Repeat the records below exactly from the line containing "Step je vybaven" to the line containing "強力発光のCOBライトを使用した2WAYの懐中電灯です。", taking in both of those lines. Drop the pictures.

-- Entries supplied --
__________________________________________________
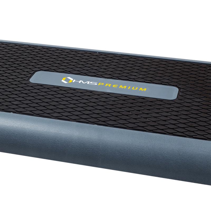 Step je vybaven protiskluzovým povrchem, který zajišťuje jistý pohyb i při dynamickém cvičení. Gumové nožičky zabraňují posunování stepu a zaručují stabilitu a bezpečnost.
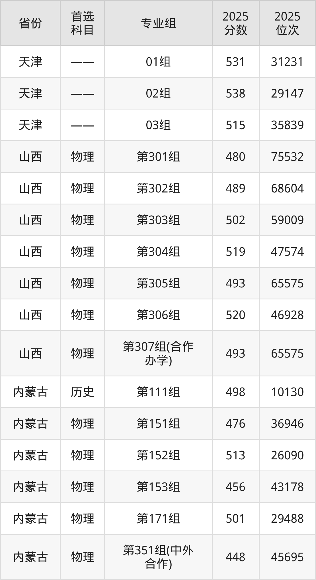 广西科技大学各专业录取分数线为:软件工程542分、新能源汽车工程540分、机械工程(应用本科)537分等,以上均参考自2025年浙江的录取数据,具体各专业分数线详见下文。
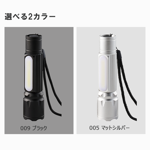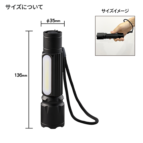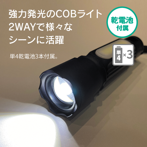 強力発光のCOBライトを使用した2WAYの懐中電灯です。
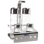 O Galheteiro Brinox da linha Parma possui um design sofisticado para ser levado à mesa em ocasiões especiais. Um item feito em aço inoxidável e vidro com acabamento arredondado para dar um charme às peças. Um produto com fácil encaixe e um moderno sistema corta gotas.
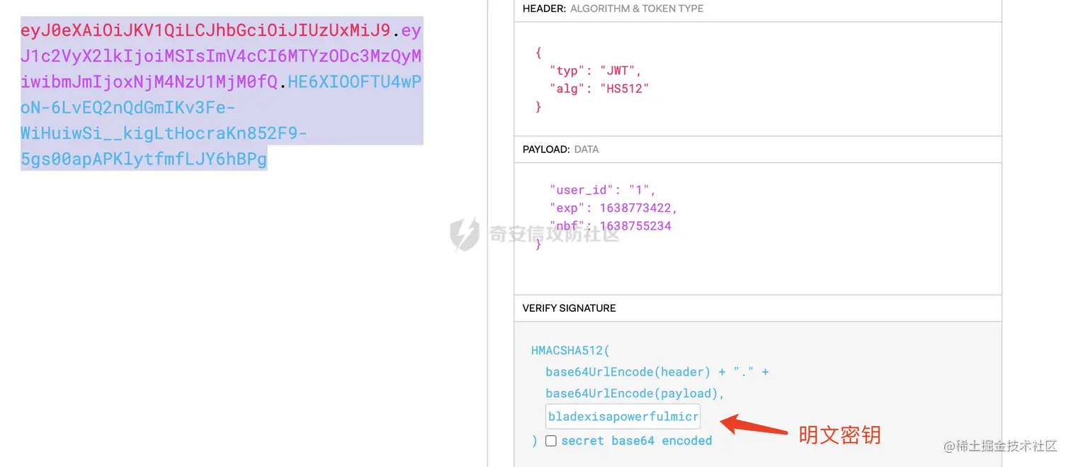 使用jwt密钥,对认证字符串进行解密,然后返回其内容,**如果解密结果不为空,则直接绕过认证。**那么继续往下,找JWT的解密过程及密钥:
__________________________________________________
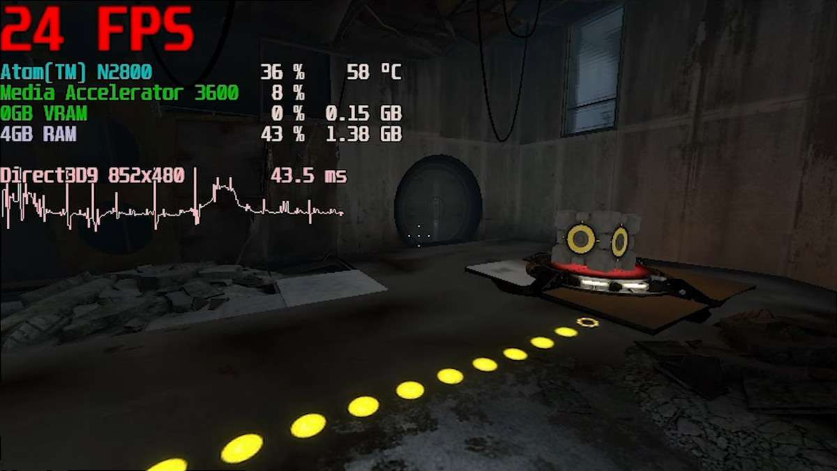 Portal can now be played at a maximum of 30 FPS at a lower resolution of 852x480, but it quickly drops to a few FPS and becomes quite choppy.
__________________________________________________
-- Written reply --
 Step je vybaven protiskluzovým povrchem, který zajišťuje jistý pohyb i při dynamickém cvičení. Gumové nožičky zabraňují posunování stepu a zaručují stabilitu a bezpečnost.
 广西科技大学各专业录取分数线为:软件工程542分、新能源汽车工程540分、机械工程(应用本科)537分等,以上均参考自2025年浙江的录取数据,具体各专业分数线详见下文。
 強力発光のCOBライトを使用した2WAYの懐中電灯です。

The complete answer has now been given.